Get current security trust block

GEThttps://app.speybooks.com/api/v1/public/trust

Returns the latest security audit trust block: the grade, score, module counts, and audit date produced by the SpeyBooks Security Test Harness, served read-only from its single-writer source (AX-TRUST-001). This is the same data rendered in the footer badge on speybooks.com and docs.speybooks.com, so the badge and this endpoint cannot disagree.

Authentication

Public, no authentication required. No API key or session is consulted; these endpoints are public by design.

Response Fields

  • securityGrade: audit grade, one of A+, A, B, C, F (there is no D grade)
  • score: weighted audit score, 0 to 100
  • lastAuditDate: audit date, ISO YYYY-MM-DD (UTC)
  • passed / total: modules passed and modules run
  • failures / warnings: module failures and warnings
  • sthReportDate: report timestamp, ISO UTC
  • auditSlug: slug of the published audit report on /insights/, when one exists; omitted otherwise
  • ageSeconds: age of the report at serve time, computed per request from sthReportDate
  • stale: true when ageSeconds exceeds the 48-hour freshness threshold

Freshness Semantics

Staleness is flagged, never hidden (AX-TRUST-002). A 200 response with stale: true means the audit data is valid but older than the freshness threshold; it is the API being honest about its data, not a fault. Consumers should decide their own rendering policy. SpeyBooks' own pages withhold the grade and show "verification pending" when the block is stale.

The audit runs daily, so under normal operation ageSeconds stays below 86,400 and stale is false. The 48-hour threshold allows for one missed run plus slack.

Errors

A 500 with a generic message means the trust data is missing or failed validation, which is a different signal from staleness: monitoring can distinguish "data old" (200, stale: true) from "data broken" (500). The endpoint never serves a grade that failed validation against the committed grade model.

Caching

Responses carry Cache-Control: public, s-maxage=300. Deliberately no stale-while-revalidate: serving a possibly-outdated price for an hour is acceptable, serving a possibly-outdated trust claim is not. The 5-minute cache window sits far inside the 48-hour freshness threshold, so caching cannot mask staleness.

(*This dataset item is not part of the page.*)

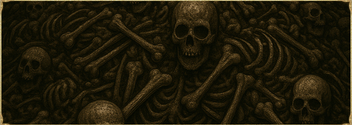 Оказавшись возле могильника, Ди-Кель ловко забралась прямо на верхушку и принялась изучать костяную гору на предмет наличия следов некромантии или же какой-либо болезни. Прошло некоторое время. Анализ поддавался с трудом, словно кто-то или что-то мешало исследованию: никаких недавних следов магии, никаких признаков насильственной смерти – все кости были идеально целые, в том числе и черепа, однако...
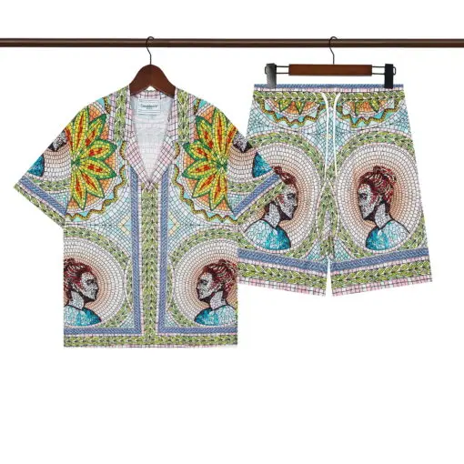 Casablanca Multi Mosaics Grecques Silk Twill Shirt And Short Set

The audit report: when auditSlug is present, the full module-by-module report is published at https://speybooks.com/insights/{auditSlug}/. The slug is omitted on audit runs that have not yet published a report; the most recent published report remains the reference.

A perfect score is not guaranteed: the example above is illustrative and shows two warnings. SpeyBooks publishes whatever the harness measures; a grade below the visibility floor is withheld from the footer badge but still served here (AX-TRUST-002), because the API reports facts and the badge applies presentation policy.

Rate limiting: no explicit limit; the 5-minute cache means rapid polling yields identical results. Poll daily at most; the underlying data changes once per day.

Response

200Latest security audit trust block. Cached 5 minutes. Staleness is flagged, never gated.
Show response fields
trustobject
Show child attributes
ageSecondsinteger
Age of the report at serve time, seconds.
auditSlugstring
Slug of the published audit article, when one exists.
failuresinteger
Module failures.
lastAuditDatestring
Audit date, ISO YYYY-MM-DD (UTC).
passedinteger
Modules passed.
scoreinteger
Weighted audit score, 0 to 100.
securityGradestring
Audit grade: A+, A, B, C, or F.
staleboolean
True when ageSeconds exceeds the 48h freshness threshold.
sthReportDatestring
Report timestamp, ISO UTC.
totalinteger
Modules run.
warningsinteger
Module warnings.

Error codes

500Trust artifact missing or invalid. Never returned for a valid-but-stale block.